One other issue with the OpenVMS is for ODS-2, the file names are 
limited to 39 characters, a period delimiter, and then another 39 
characters.  So you can see that there are limits to the hex expansion.

So the server would need some way of knowing what name that clients need 
to see the name in.

The portable solution is to have an attribute file that can optionally 
be beside the real file.  This attribute file can hold those attributes 
that are foreign to the host operating system.

So UNIX systems would see the file as foo.dat++, and OpenVMS could see 
the file as FOO.DAT_PLS_PLS or other local format.

Client:
    Hello server, I am looking for the xxxxx distribution.

Server:
    Accepted, I have the xxxxxx distribution.

Server:
    Here is the first directory, name is main.master
    Here are the global attributes for the directory.
    Default format for files in this directory is plain text.

Client, directory attributes accepted.
    Please update attributes:
         x_openvms_filename: main_master

Server (possible response one):
    Sorry, you are not on the list of clients I can accept updates from.

Server (possible response two):
    Update has been submitted to maintainer for review.

Server (possible response three)
    Update has been accepted to attributes.
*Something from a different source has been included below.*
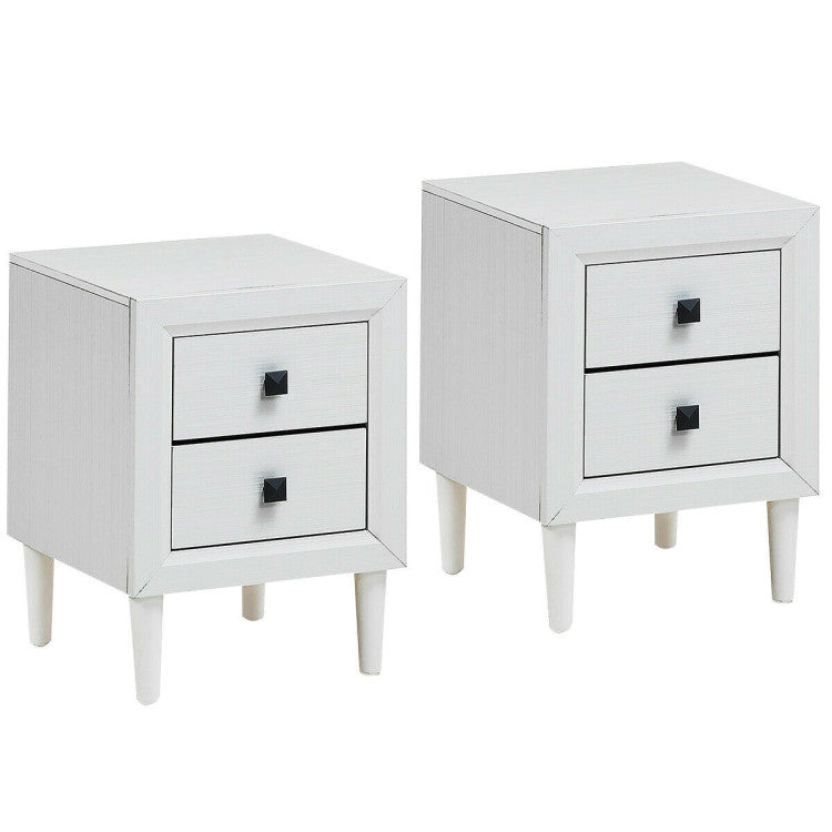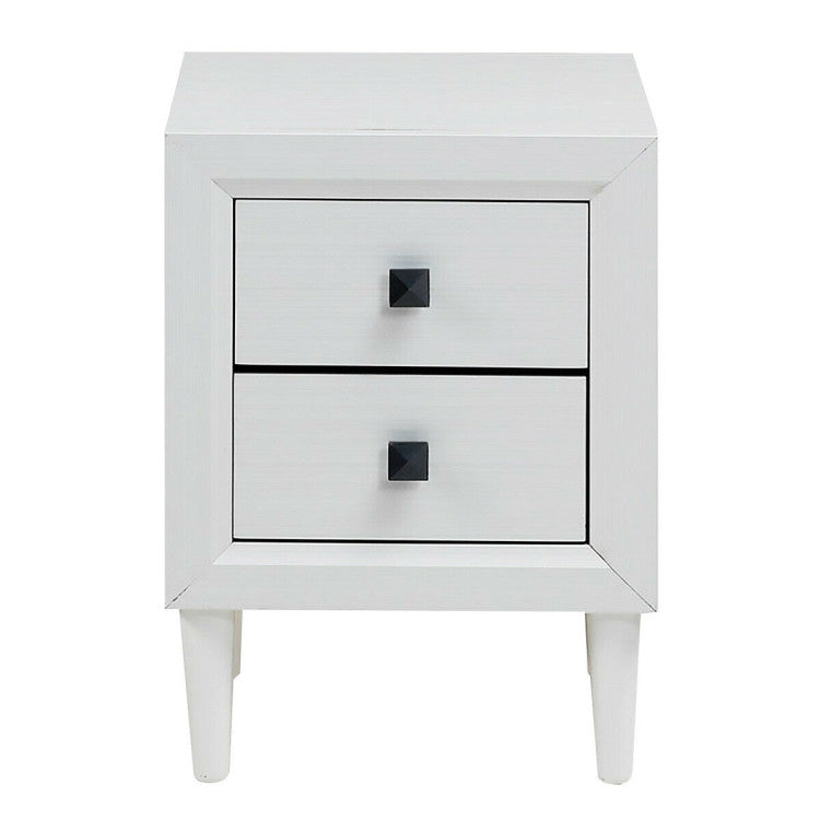 It features two drawers and two exquisite handles. On the top, you can place some of your decors like photo frame or vase. In the drawer, you will have additional storage space to put some small articles and they can be easily to find when you need them. The nightstand is mostly made of high-quality MDF. Therefore, the entire structure of this nightstand remains very solid and durable. And even more, it has 4 durable feet made of rubber wood which also ensures stability. This nightstand is not only conformity with your room style but decor your room. And you can put it in the corner or other small place to use the space in an efficient way.

This way the program can optionally deal with platform specific 
attributes, but not really need to understand them.

The attribute file would probably be in plain text.  This takes up a bit 
more room, but makes it maintainable from a text editor.

Of course a platform can store the attributes in any fashion, but I 
would expect that a file would most commonly be used.

-John
wb8tyw at qsl.network
Personal Opinion Only